• What you need to do:
An exact copy is needed of the lines in the entries below from the line with "Este programa de" up to and including the line with "Una persona con", and of nothing else. Leave the pictures out.

• Provided records:

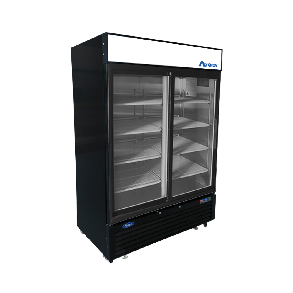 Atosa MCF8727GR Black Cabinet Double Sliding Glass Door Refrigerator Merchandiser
...
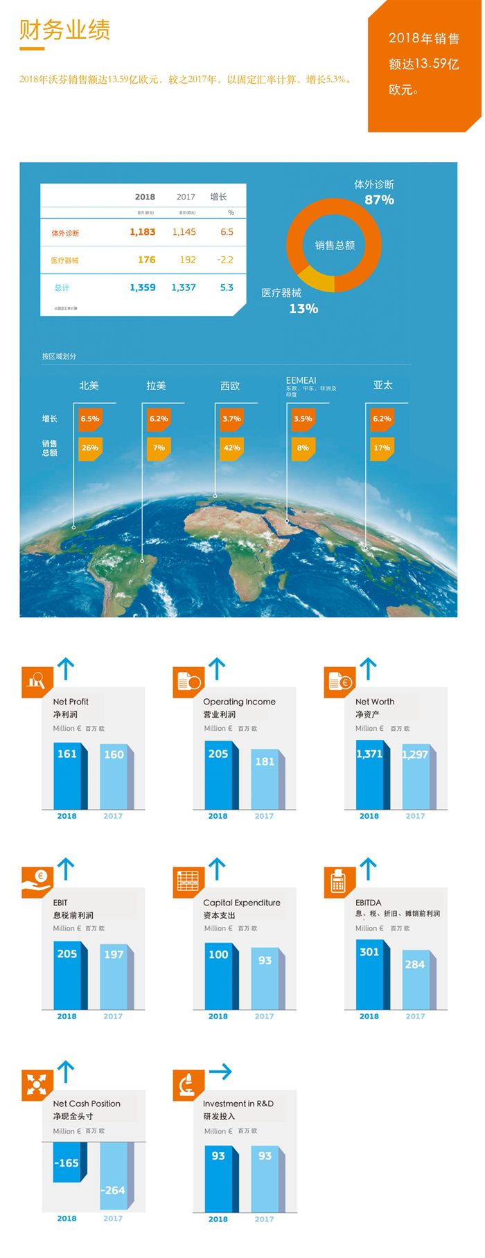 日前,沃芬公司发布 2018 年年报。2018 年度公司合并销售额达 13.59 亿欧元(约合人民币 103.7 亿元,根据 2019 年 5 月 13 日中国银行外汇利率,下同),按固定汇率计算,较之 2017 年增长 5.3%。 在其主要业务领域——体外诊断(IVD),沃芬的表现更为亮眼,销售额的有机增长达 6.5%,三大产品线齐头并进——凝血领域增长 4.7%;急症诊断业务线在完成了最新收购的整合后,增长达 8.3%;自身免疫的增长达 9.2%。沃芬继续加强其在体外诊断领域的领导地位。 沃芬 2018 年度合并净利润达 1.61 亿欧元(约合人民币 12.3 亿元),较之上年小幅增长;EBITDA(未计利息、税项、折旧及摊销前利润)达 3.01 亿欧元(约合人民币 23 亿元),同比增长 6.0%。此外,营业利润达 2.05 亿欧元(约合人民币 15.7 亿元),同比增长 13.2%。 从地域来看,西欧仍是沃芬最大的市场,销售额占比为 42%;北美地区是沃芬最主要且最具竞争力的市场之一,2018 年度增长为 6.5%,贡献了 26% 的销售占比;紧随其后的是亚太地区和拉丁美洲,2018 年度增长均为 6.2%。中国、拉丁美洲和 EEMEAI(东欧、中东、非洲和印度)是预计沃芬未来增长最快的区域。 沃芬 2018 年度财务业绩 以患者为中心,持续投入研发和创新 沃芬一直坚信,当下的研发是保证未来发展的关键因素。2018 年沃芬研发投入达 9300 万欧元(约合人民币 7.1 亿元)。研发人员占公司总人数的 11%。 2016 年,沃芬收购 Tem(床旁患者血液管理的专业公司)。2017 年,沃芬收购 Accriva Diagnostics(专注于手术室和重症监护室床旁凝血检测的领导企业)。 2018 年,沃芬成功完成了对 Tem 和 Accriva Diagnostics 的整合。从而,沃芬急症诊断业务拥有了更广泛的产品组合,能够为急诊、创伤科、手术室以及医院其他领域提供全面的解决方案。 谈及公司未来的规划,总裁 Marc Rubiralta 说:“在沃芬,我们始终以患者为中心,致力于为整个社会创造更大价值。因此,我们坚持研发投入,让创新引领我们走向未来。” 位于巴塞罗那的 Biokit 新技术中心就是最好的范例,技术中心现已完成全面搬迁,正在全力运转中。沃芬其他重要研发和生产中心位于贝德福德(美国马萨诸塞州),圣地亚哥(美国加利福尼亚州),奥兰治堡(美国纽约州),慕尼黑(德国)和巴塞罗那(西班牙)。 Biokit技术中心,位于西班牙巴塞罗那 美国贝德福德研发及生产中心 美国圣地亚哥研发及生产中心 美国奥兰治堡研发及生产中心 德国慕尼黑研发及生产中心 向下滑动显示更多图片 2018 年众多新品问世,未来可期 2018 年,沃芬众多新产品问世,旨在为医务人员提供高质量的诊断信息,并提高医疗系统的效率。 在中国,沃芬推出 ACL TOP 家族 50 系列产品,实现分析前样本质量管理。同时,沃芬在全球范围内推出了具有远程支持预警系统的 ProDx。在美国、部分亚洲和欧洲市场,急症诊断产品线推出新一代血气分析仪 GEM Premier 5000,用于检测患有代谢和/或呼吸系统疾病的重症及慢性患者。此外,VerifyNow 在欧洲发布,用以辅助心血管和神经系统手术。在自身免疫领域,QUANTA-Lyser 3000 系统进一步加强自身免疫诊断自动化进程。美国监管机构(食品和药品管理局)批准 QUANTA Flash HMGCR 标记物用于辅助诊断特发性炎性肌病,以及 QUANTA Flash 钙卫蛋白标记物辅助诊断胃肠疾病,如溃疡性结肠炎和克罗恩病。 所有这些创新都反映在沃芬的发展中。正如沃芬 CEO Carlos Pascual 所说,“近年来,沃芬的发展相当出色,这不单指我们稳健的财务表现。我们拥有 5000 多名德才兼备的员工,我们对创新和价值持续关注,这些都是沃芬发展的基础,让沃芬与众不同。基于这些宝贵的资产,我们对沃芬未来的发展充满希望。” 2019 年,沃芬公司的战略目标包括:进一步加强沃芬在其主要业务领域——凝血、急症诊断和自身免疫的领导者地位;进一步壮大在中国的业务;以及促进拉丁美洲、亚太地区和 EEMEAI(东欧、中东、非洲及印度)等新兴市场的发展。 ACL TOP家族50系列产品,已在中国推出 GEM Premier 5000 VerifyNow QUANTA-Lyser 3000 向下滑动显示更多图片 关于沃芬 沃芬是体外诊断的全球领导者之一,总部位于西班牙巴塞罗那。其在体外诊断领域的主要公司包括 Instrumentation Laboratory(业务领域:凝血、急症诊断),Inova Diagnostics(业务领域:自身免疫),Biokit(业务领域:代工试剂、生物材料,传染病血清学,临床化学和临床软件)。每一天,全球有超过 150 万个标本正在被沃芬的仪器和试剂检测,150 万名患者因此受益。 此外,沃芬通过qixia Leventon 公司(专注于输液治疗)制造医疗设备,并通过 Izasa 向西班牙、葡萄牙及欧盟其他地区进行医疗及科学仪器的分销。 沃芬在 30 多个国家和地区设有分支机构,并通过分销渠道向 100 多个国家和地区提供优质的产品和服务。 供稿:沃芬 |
==
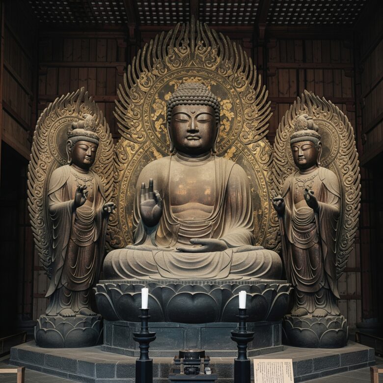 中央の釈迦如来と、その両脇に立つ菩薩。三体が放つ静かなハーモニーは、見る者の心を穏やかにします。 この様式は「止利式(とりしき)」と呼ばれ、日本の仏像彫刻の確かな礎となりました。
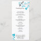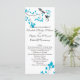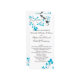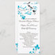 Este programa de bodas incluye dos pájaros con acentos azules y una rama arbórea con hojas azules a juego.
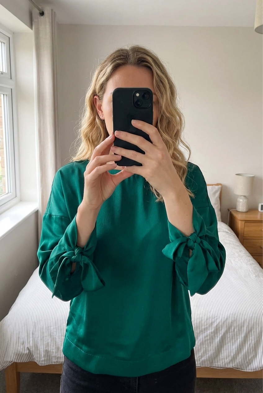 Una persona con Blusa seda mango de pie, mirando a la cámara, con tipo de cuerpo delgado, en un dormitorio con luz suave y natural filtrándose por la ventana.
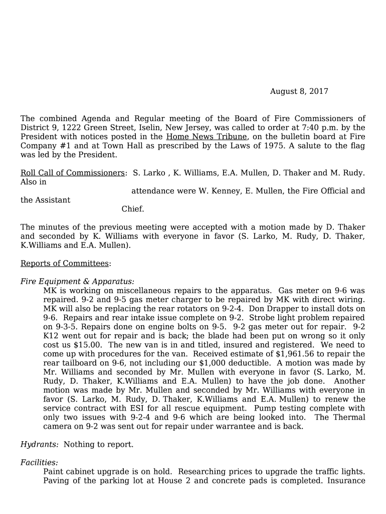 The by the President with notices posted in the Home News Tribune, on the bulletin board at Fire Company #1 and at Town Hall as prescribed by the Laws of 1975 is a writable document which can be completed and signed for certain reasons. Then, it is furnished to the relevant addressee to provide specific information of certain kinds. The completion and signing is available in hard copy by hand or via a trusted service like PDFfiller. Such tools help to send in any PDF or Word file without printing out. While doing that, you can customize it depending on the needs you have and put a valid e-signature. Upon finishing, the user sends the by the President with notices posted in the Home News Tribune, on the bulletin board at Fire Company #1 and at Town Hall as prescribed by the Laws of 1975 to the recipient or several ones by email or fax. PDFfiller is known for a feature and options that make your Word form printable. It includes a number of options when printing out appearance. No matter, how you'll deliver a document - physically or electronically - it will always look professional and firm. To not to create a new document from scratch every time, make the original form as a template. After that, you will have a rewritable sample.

• Final answer:
 Este programa de bodas incluye dos pájaros con acentos azules y una rama arbórea con hojas azules a juego.
 Una persona con Blusa seda mango de pie, mirando a la cámara, con tipo de cuerpo delgado, en un dormitorio con luz suave y natural filtrándose por la ventana.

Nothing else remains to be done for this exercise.